Healthy algae, he said, can be found at all depths of a water body. The 2016 algae bloom in Lake O, for example, could be seen as scum on top of the water but was below the surface as well.
Once algae in the water discharged from Lake O reached the St. Lucie, Phlips said, “it got stressed by the non-ideal conditions, the slightly elevated salinity.”
The stressed-out algae floated to the water’s surface.
“When algae floats to the surface and becomes scum, it’s not happy,” Phlips said. “It’s on its way out. The dying algae floated to the surface of the water, then winds blew it, massive amounts of it, into bays and canals and marinas.”
The algae mass didn’t explode, Phlips said, “it got concentrated.”
Lapointe’s response: “I don’t buy that at all, and I think the evidence proves I’m right.”
First, Lapointe pointed to data from remote-controlled water monitors showing the Lake O discharges had removed practically all the salinity from the areas of the St. Lucie plagued by the blooms before the algae stared blooming.
In fact, a LOBO monitor maintained by Harbor Branch in the river off downtown Stuart indicates low salinity from mid-May to mid-July 2016, the period of the worst algae blooms.

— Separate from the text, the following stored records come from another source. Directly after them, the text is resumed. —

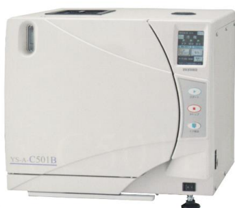
ユヤマ YS-A-C501B(クラスB準拠)

ヨーロッパ規格EN13060準拠の最高水準クラスB滅菌対応 滅菌前にチャンパー内の滞留空気を吸引して真空状態と加圧蒸気の 注入を繰り返し行うことで、従来の高圧蒸気滅菌器では滅菌できな かったチューブなどの中空品内部の空気を抜き取ったり、様々な 形状物のあらゆる機器等の滅菌が可能です。
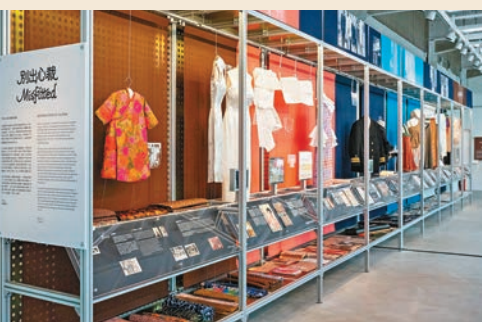
◆「別出心裁：不為人知的裁縫故事」介紹不同用途的本地織品。
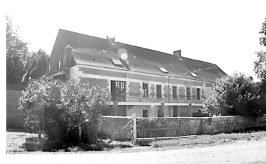
Elévation postérieure. IVR22_19980202727ZA
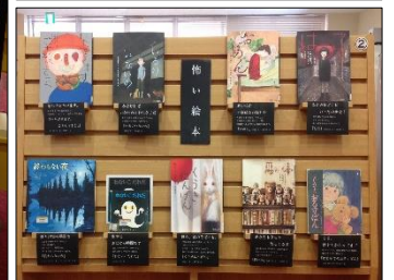
職員による企画展示 (通年)
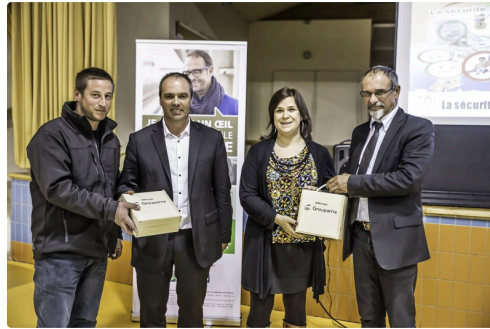
Remise des jeux éducatifs à des parents d'élèves
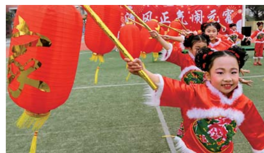
2月28日,福建省石竹中心小学学生在表演舞蹈。元宵节将至,福建省福清市广泛开展“移风易俗,清风正气”为主题的迎元宵佳节活动。
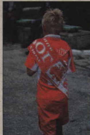
Każdy szanujący się kibic posiadał koszulkę lub szalik. Niektórzy przyszli na mecz ubrani niemal od stóp do głów w barwy biało-czerwone.
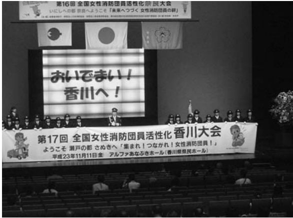
次回開催地の香川県への引き継ぎ
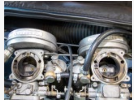
Der Schein trög: Diese Vergaser sahen aussen gut aus, wurden aber innen schon lange nicht mehr gereinigt.

seinen Bauteilen sollte möglichst gut bekannt sein», hält Stefan Mäder fest und ergänzt: «Eine Analyse bietet sich sowohl nach dem Kauf eines Fahrzeugs an als auch nach längerem Besitz. Zum einen heisst frisch ab MFK nicht, dass alles perfekt gewartet ist, zum anderen erlebe ich oft, dass Fahrzeugbesitzer sich an Mängel wie etwa schwammige Fahrwerke gewöhnen und denken, das sei normal.»
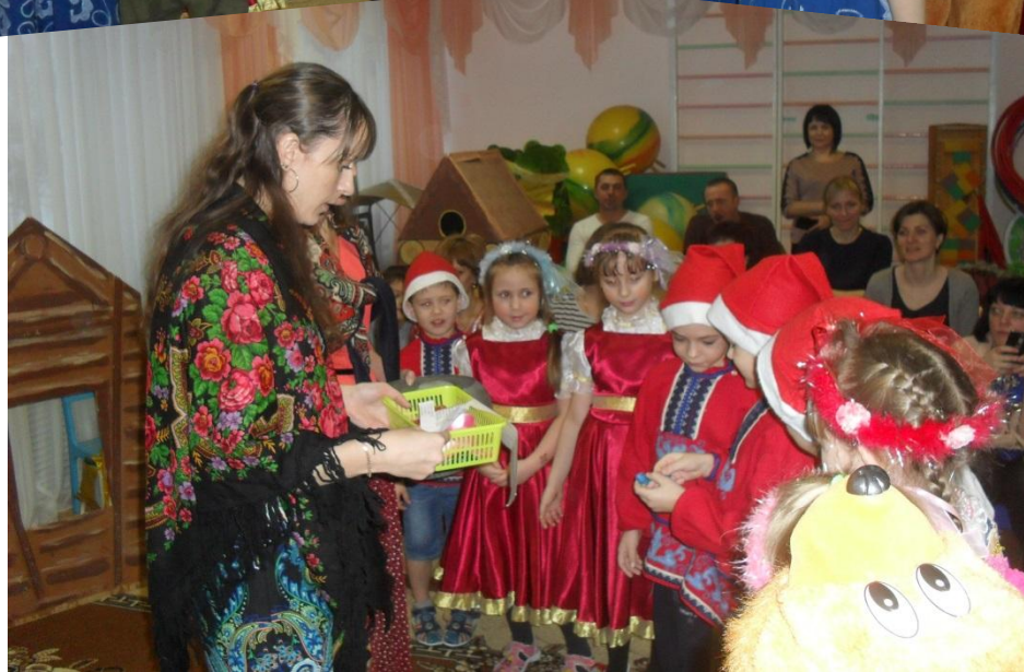
Совместное творчество детей и
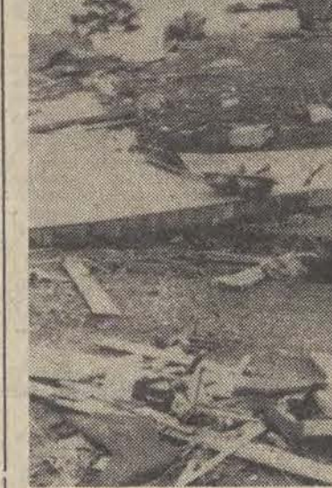
24 bm. nad miejscowością Douglasville (Georgia USA) przeszło potężne tornado niszcząc wiele domów.

Według oficjalnego komunikatu opublikowanego wczoraj w Atenach przez Ministerstwo Obrony Grecji, władze aresztowały 37 oficerów zamieszanych w nieudany zamach stanu.
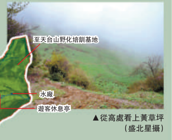
▲從高處看上黃草坪

隨著海拔的升高，植被也起了變化，山上出現了大片熊貓的食糧箭竹林。雨絲飄過，涼風習習。風景越來越美，一片綠海中，不時閃現高山小杜鵑一樹亮麗的紫花。據說，再遲十天半月，滿山的大杜鵑花華麗綻放，「那才是最漂亮的時候」。
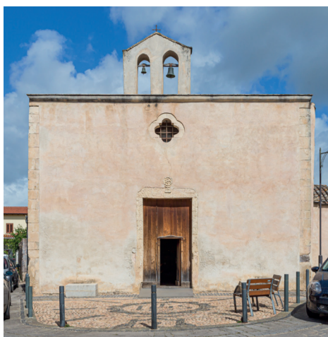
Chiesa di San Giuseppe Via San Giuseppe
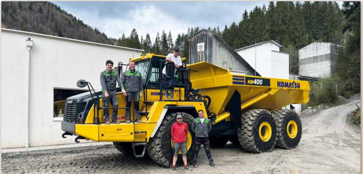
Der knickgelenkte Komatsu-Muldenkipper HM400-5 mit Heckklappe, seiner robusten Ausführung und modernster Achsaufhängung ist bei der Firma Moldan in Kuchl im Einsatz.
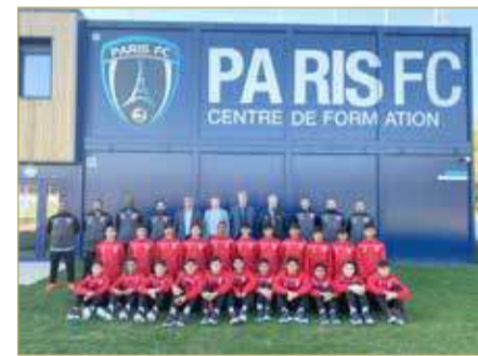
منتخب الناشئين بالمعسكر التدريبي في "باريس اف سي"

رحب نادي باريس أف سي الفرنسي بوفد منتخبنا الوطني للناشئين لكرة القدم الذي سيخوض معسكراً تدريبياً بضيافة النادي الفرنسي خلال الفترة من 24 أكتوبر الحالي حتى 1 نوفمبر المقبل. وفي هذا الإطار، قال رئيس النادي بير فيراتشي "يسعدنا أن نرحب بهذا الوفد من الشباب البحريني في منشأتنا. تأتي هذه الزيارة في إطار الشراكة بين مملكة البحرين وباريس. هذا التبادل الثقافي والرياضي سيسلط الضوء على نادينا وكذلك على مدينة باريس ويؤكد رغبتنا في السماح للفتيات والفتيان الصغار في هذا البلد بالاستفادة من خبرة النادي". وقال النادي في بيان إنه سيتم استضافة البحرين في مركز تدريب النادي، وسيتم تعريفهم على هيكل النادي والعديد من الجوانب الفنية. وخلال الأسبوع، سيدرب اللاعبون البحرينيون في مرافق النادي ويلعبون مبارياتين ضد فريق باريس لكرة القدم تحت 17 سنة. كما سيتبادلون الآراء مع الموظفين ويتابعون جلسات التدريب. وإلى جانب الجانب الرياضي، ستسمح هذه الرحلة للبحرينيين باكتشاف تراث الأراضي الفرنسية خصوصا مدينة باريس من خلال زيارة ممتعة وثقافية للعاصمة.
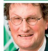
Geri Müller Nationalrat GPS 5400 Baden

Trotz der marginalen Bedeutung der Rüstungsindustrie für das BIP – in der Schweiz erwirtschaftet sie ein Prozent des Volkseinkommens – ist der Glaube, zu einem rechten Land gehöre die Bereitstellung von Kriegswaffen, tief verankert. Darauf gründet auch die Vorstellung, dass Innovationsfähigkeit und Erfindungsgeist einer Nation abhängig sind von der Rüstungsindustrie und ihrer Fertigkeit. Dies alles beruht auf dem uralten Mythos, das Wohl eines Landes basiere auf seiner Wehrhaftigkeit. Tatsächlich aber passieren Entwicklungen vielmehr aufgrund von Kooperation als von (kriegerischer) Konkurrenz. Der schweizerische Bundesstaat entstand 1848 erst, als die Waffen zwischen den Liberalen und den Katholisch-Konservativen endlich ruhten. ■
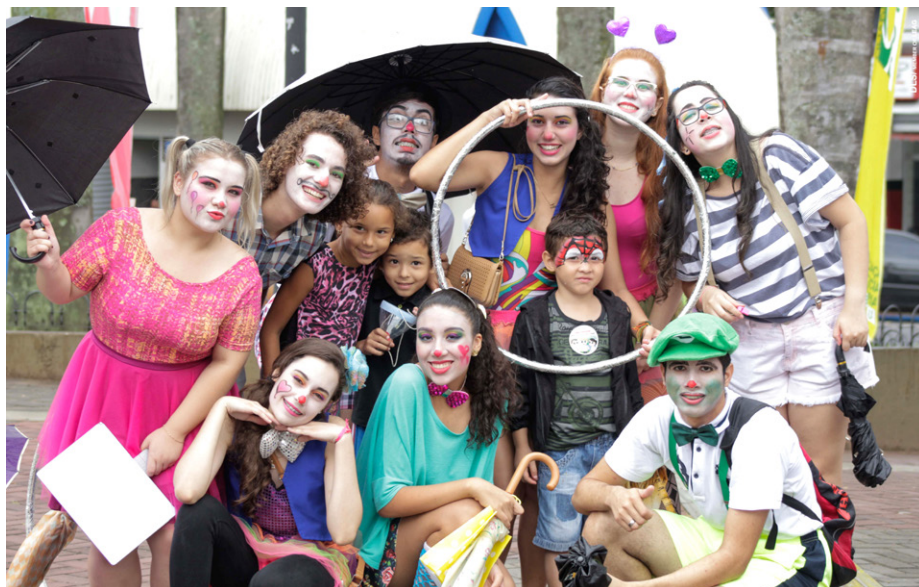
Apresentações teatrais e musicais reúnem as famílias no Brinca Birigui

As atrações gratuitas prometem reunir toda a família para momentos de muita diversão. As crianças poderão se divertir com as brincadeiras esportivas, jogos, apresentações culturais e teatrais, música e muito mais. Neste ano, o
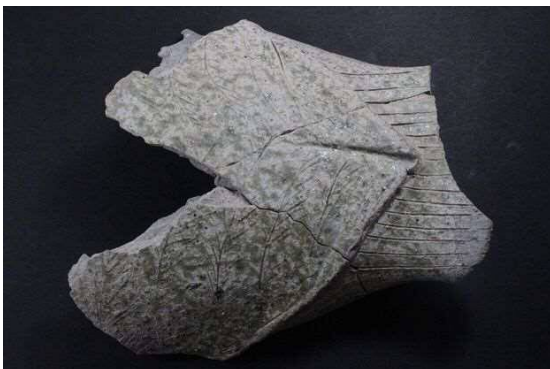
鳥形製品 胴部～尾部
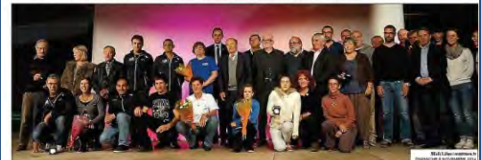
■ La grande famille des sportifs lozériens s'est réunie ce vendredi pour l'occasion. Ce n'est pas tous les jours que l'on a 30 ans !

Une soirée marquée aussi par divers sports pratiqués en Lozère: natation, équitation, football, karaté, athlétisme, badminton, sans oublier les sports adaptés car « l'essence même du sport, c'est l'acceptation de l'autre ». Une belle effervescence qui prouve une fois encore le dynamisme des associations sportives et l'implication sans faille des bénévoles.
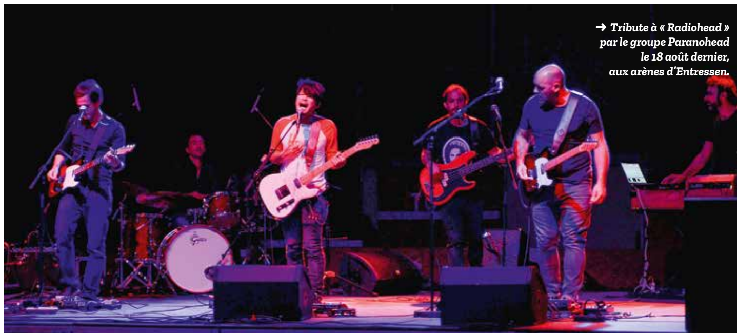
→ Tribute à « Radiohead » par le groupe Paranohead le 18 août dernier, aux arènes d'Entressen.
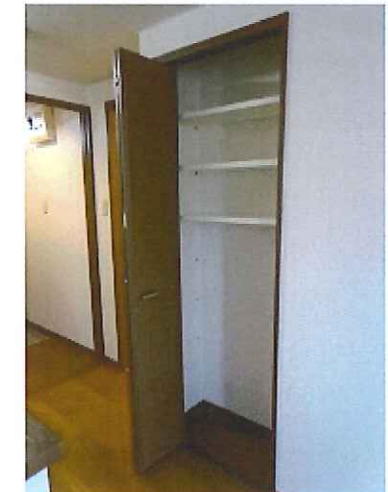
キッチンクローゼット
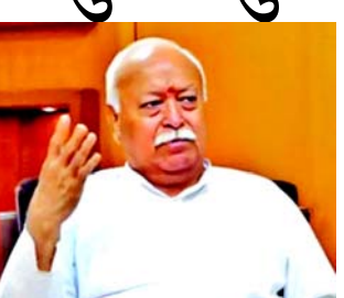
પડશે. મોહન ભાગવતે કહ્યું કે જો આપણા લોકો આવું જીવન જીવે તો આપણને આઝાદી મળી. ભારતને મજબૂત બનાવવું પડશે. વિશ્વ ગુરુ બનવા માટે. આપણે પણ આવી જ રીતે તપસ્યા કરવી પડશે. એ તપશ્ચર્યા

નાગપુર, આપણે આપણા દેશને મોટો બનાવવો છે, આપણે આપણા દેશની પીડા અને વેદનાને દૂર કરીને આગળ વધવાનો છે. આરએસએસના વડા ડો. મોહન ભાગવતે નાગપુરમાં એક કાર્યક્રમ દરમિયાન આ વાત કહી હતી. આરએસએસ ચીફ મોહન ભાગવતે કહ્યું કે વિશ્વને મોટો બનાવવા માટે પોતાના દેશની જરૂર છે. વિશ્વને સાચો રસ્તો બતાવવાનું કામ ભારતે કરવાનું છે. આ માટે ભારતે તમામ મતભેદો છોડીને એક થવું પડશે. સ્વાર્થ છોડી દેશ માટે જીવવા અને મરવાના સંકલ્પ સાથે પોતાનું જીવન જીવવું
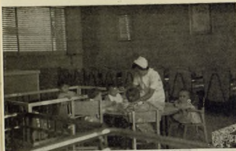
Fotografías de la Guardería infantil de la Caja de Ahorros de Sabadell, obra magnífica

“That part of the St. Lucie was basically a freshwater lake for over a month before the algae arrived,” he said. “So there was no stress on the algae from salinity. It was a living, growing organism as long as the water remained salt-free.”
Lapointe said samples he took during the bloom showed algae was “assimilating,” or feeding.
Other data from the Florida Department of Environmental Protection, Lapointe said, shows the algae got more toxic as it grew in the estuary – a result, he thinks, of taking in all that nitrogen.
“Algae that’s taking in nitrogen and getting more toxic isn’t dead,” he said.
Pros and cons
Both arguments have good points and weak ones, Widder said.
Phlips is right that the algae was floating, Widder said, but it wasn’t dying: A lot of dead algae would have dropped oxygen levels in the water and possibly caused fish kills, but that didn’t happen.
And unlike Lapointe’s contention, the algae probably didn’t feed on nutrients from septic tanks, she said.
Freshwater from Lake O tended to float on top of the heavier, saltier water in the estuary, Widder said, and the two layers didn’t mix much.
“Which means most of the nutrients fueling the bloom were probably carried with the freshwater from the lake,” Widder added.
The two layers, freshwater over saltier water, also has been credited with keeping salt-loving oysters in the estuary alive despite the prolonged discharges.
Make the switch
Still, both Lapointe and Phlips support switching homes on septic tanks to municipal sewer systems – Phlips just not as adamantly as Lapointe.
Switching from septic to sewer “is a great idea,” Phlips said. “There’s no disputing that septic tanks contribute nutrients and pollution to water bodies like the lagoon and the St. Lucie River. But if you expect making the switch will make the blooms go away, it won’t.”